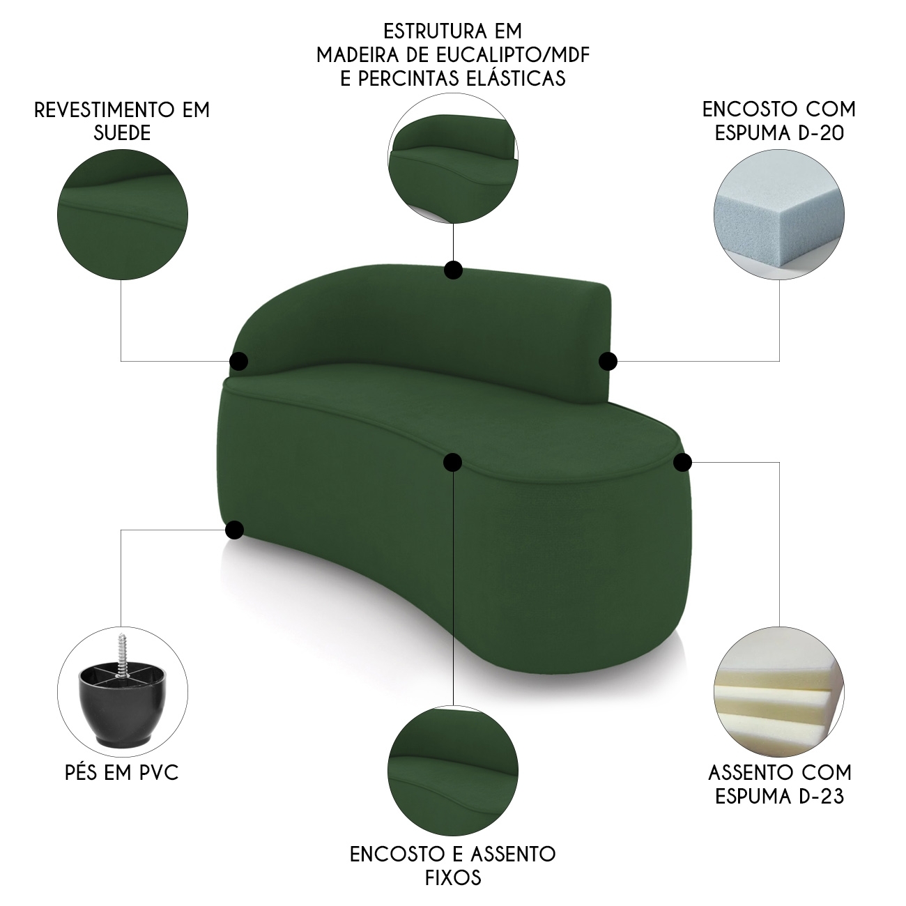 Densidade da Espuma: Assento D-23/Encosto D-20.
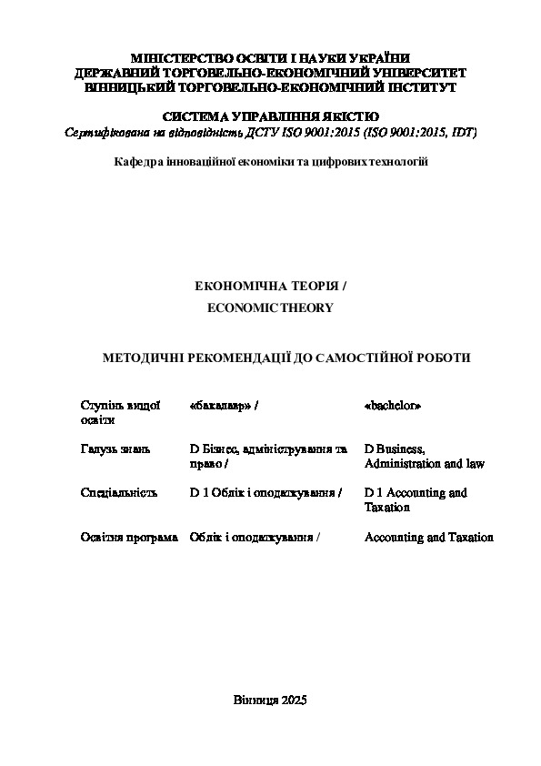 | Summary: | Економічна теорія є фундаментальним освітнім компонентом, виступає основою, на якій базується вивчення економічних освітніх компонент. «Економічна теорія» досліджує проблеми політекономії, у тому числі: економічні системи, відносини власності, теорії грошей; проблеми мікроекономіки, у тому числі: теоретичні аспекти ринкової економіки та ринкового механізму, проблеми доходів і заробітної плати, поведінку споживача, ефективність господарювання підприємств (фірм) в ринкових умовах. В освітньому компоненті «Економічна теорія» досліджуються проблеми макроекономіки, а саме: суспільне відтворення, економічне зростання, інфляція, безробіття та державне регулювання в умовах ринкової економіки. Розглядаються проблеми мезорівня - особливості дії економічних законів в аграрному секторі. Вивчаються проблеми мегарівня -закономірності розвитку світового господарства. Освітній компонент «Економічна теорія» містить концептуальні положення теоретичної економіки, які допоможуть здобувачам освітнього ступеня бакалавр освітньої програми «Облік і оподаткування» з’ясувати суть і специфіку основних механізмів ринкової економіки, факторів, що впливають на мікро- та макро- процеси, методи та засоби економічного регулювання. |
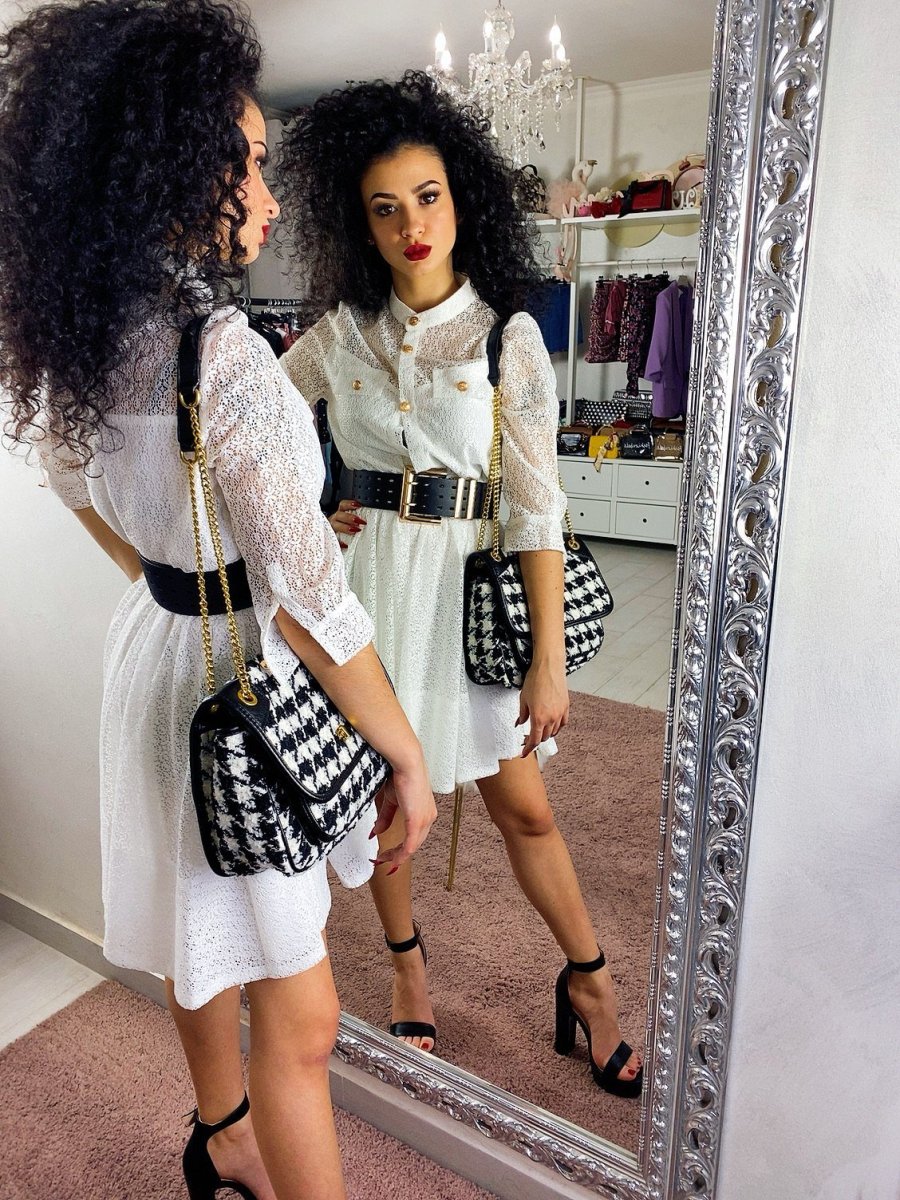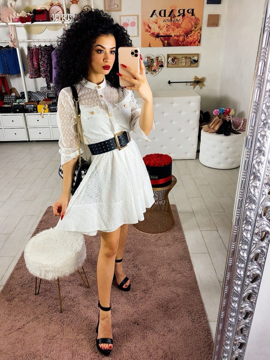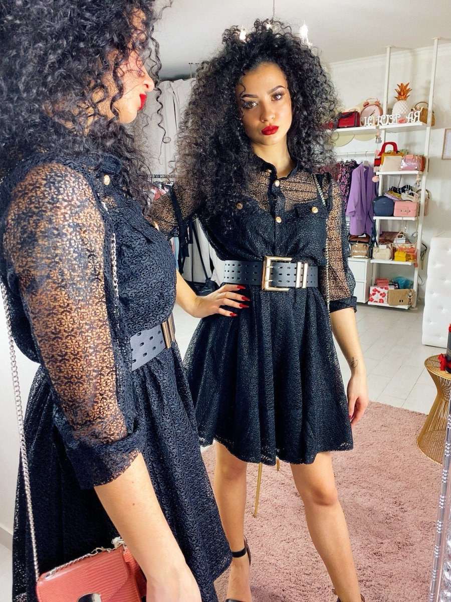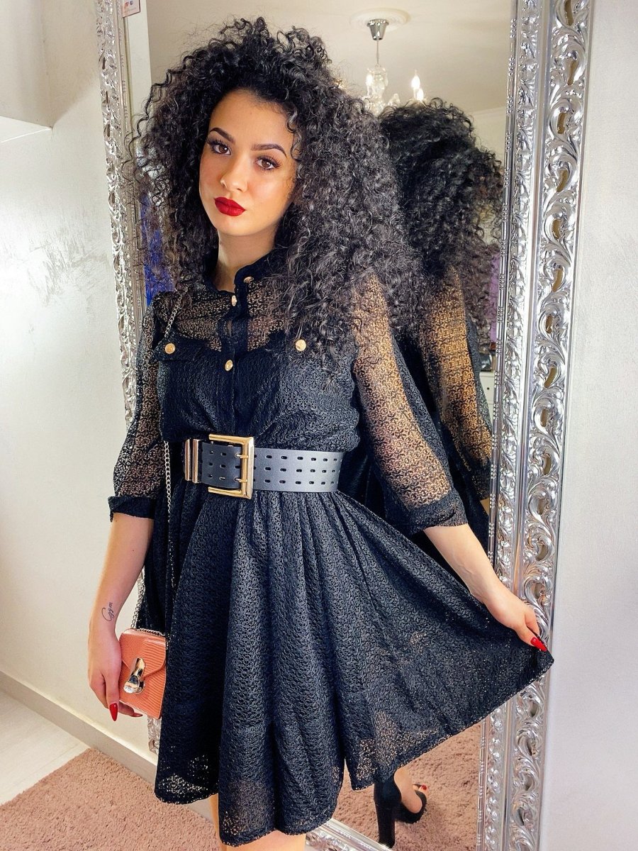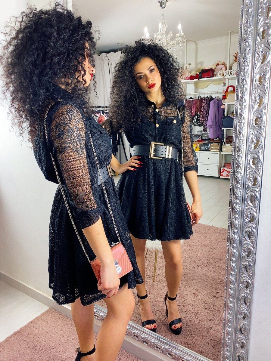 Elegantissimo abito in pizzo foderato con gonna a ruota. Bottoni oro come dettaglio.
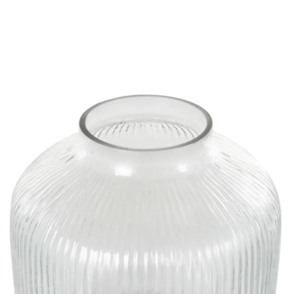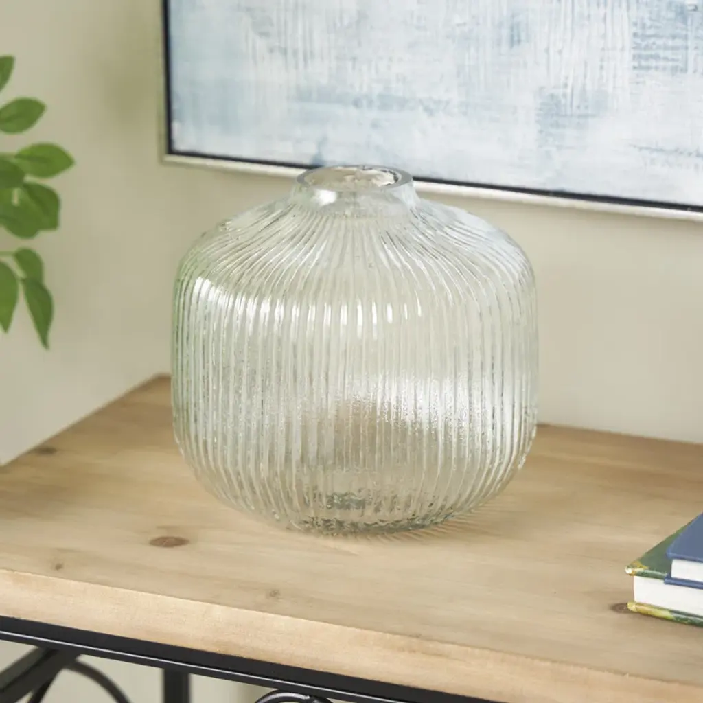 The clear centerpiece vase is perfect for enhancing the beauty of your living room coffee table or dining table, with fresh floral or greenery. Designed with felt or rubber stoppers at the base that prevent scratching furniture and table tops, as well as sliding around. Glass vase makes a great gift for any occasion. Suitable for indoor use only. Made in India. This is a single clear colored vase. Modern style. Vase has a mouth opening.
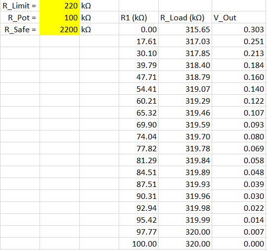 Per cui, scegliendo R_Limit = 220k, R_Pot = 100k ed R_Safe = 2.2M ho un carico visto dalla PI pressochè costante lungo l'escursione del pot (varia da 316k a 320k).
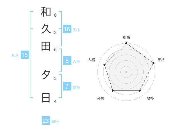 和久田 夕日さんの天格は16画の5点!
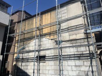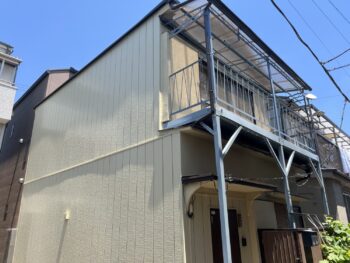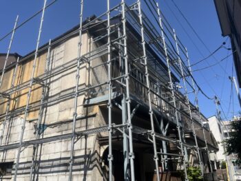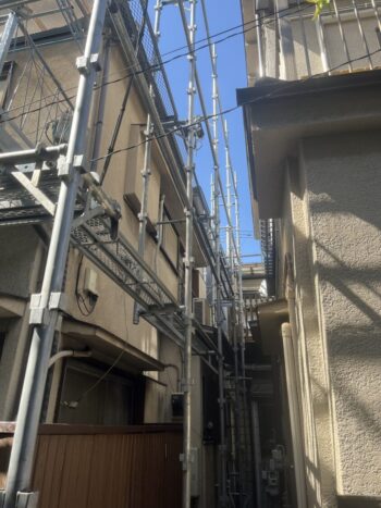 大建架設では、メインとして、改修の為の足場工事(外壁塗装)のための足場で、塗装・防水工事も一式で請け負いさせてもらっています。
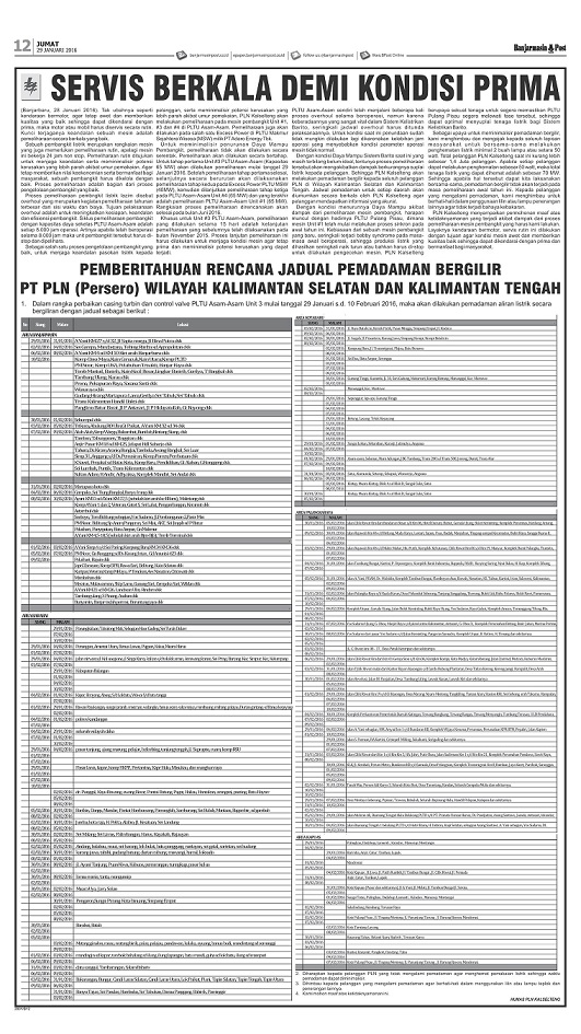 merujuk pada pengumuman yang dipasang PLN di Harian Banjarmasin Post, hari ini
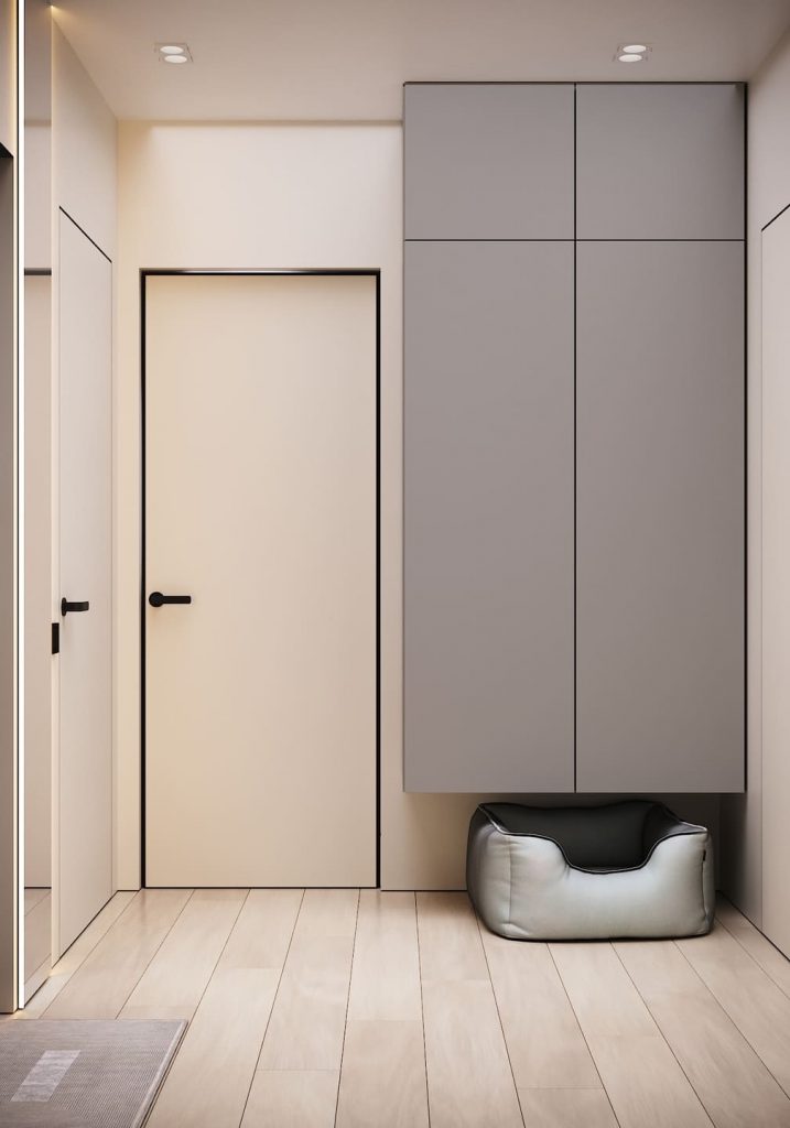 Чтобы визуально не перегружать пространство, мы оформили входную зону в спокойных оттенках: мягкий светлый беж, матовый серый и чёрные акценты на дверных ручках и фурнитуре. Интегрированные шкафы — от пола до потолка — решают вопрос хранения одежды, обуви, техники и даже мелочей вроде ключей или сумки. Всё закрыто, ничего не бросается в глаза.

..............................

» Work required
Each line of the listing above must be given again exactly; the pictures are to be left out.

» Answer below
 Densidade da Espuma: Assento D-23/Encosto D-20.
 | Summary: | Економічна теорія є фундаментальним освітнім компонентом, виступає основою, на якій базується вивчення економічних освітніх компонент. «Економічна теорія» досліджує проблеми політекономії, у тому числі: економічні системи, відносини власності, теорії грошей; проблеми мікроекономіки, у тому числі: теоретичні аспекти ринкової економіки та ринкового механізму, проблеми доходів і заробітної плати, поведінку споживача, ефективність господарювання підприємств (фірм) в ринкових умовах. В освітньому компоненті «Економічна теорія» досліджуються проблеми макроекономіки, а саме: суспільне відтворення, економічне зростання, інфляція, безробіття та державне регулювання в умовах ринкової економіки. Розглядаються проблеми мезорівня - особливості дії економічних законів в аграрному секторі. Вивчаються проблеми мегарівня -закономірності розвитку світового господарства. Освітній компонент «Економічна теорія» містить концептуальні положення теоретичної економіки, які допоможуть здобувачам освітнього ступеня бакалавр освітньої програми «Облік і оподаткування» з’ясувати суть і специфіку основних механізмів ринкової економіки, факторів, що впливають на мікро- та макро- процеси, методи та засоби економічного регулювання. |
 Elegantissimo abito in pizzo foderato con gonna a ruota. Bottoni oro come dettaglio.
 The clear centerpiece vase is perfect for enhancing the beauty of your living room coffee table or dining table, with fresh floral or greenery. Designed with felt or rubber stoppers at the base that prevent scratching furniture and table tops, as well as sliding around. Glass vase makes a great gift for any occasion. Suitable for indoor use only. Made in India. This is a single clear colored vase. Modern style. Vase has a mouth opening.
 Per cui, scegliendo R_Limit = 220k, R_Pot = 100k ed R_Safe = 2.2M ho un carico visto dalla PI pressochè costante lungo l'escursione del pot (varia da 316k a 320k).
 和久田 夕日さんの天格は16画の5点!
 大建架設では、メインとして、改修の為の足場工事(外壁塗装)のための足場で、塗装・防水工事も一式で請け負いさせてもらっています。
 merujuk pada pengumuman yang dipasang PLN di Harian Banjarmasin Post, hari ini
 Чтобы визуально не перегружать пространство, мы оформили входную зону в спокойных оттенках: мягкий светлый беж, матовый серый и чёрные акценты на дверных ручках и фурнитуре. Интегрированные шкафы — от пола до потолка — решают вопрос хранения одежды, обуви, техники и даже мелочей вроде ключей или сумки. Всё закрыто, ничего не бросается в глаза.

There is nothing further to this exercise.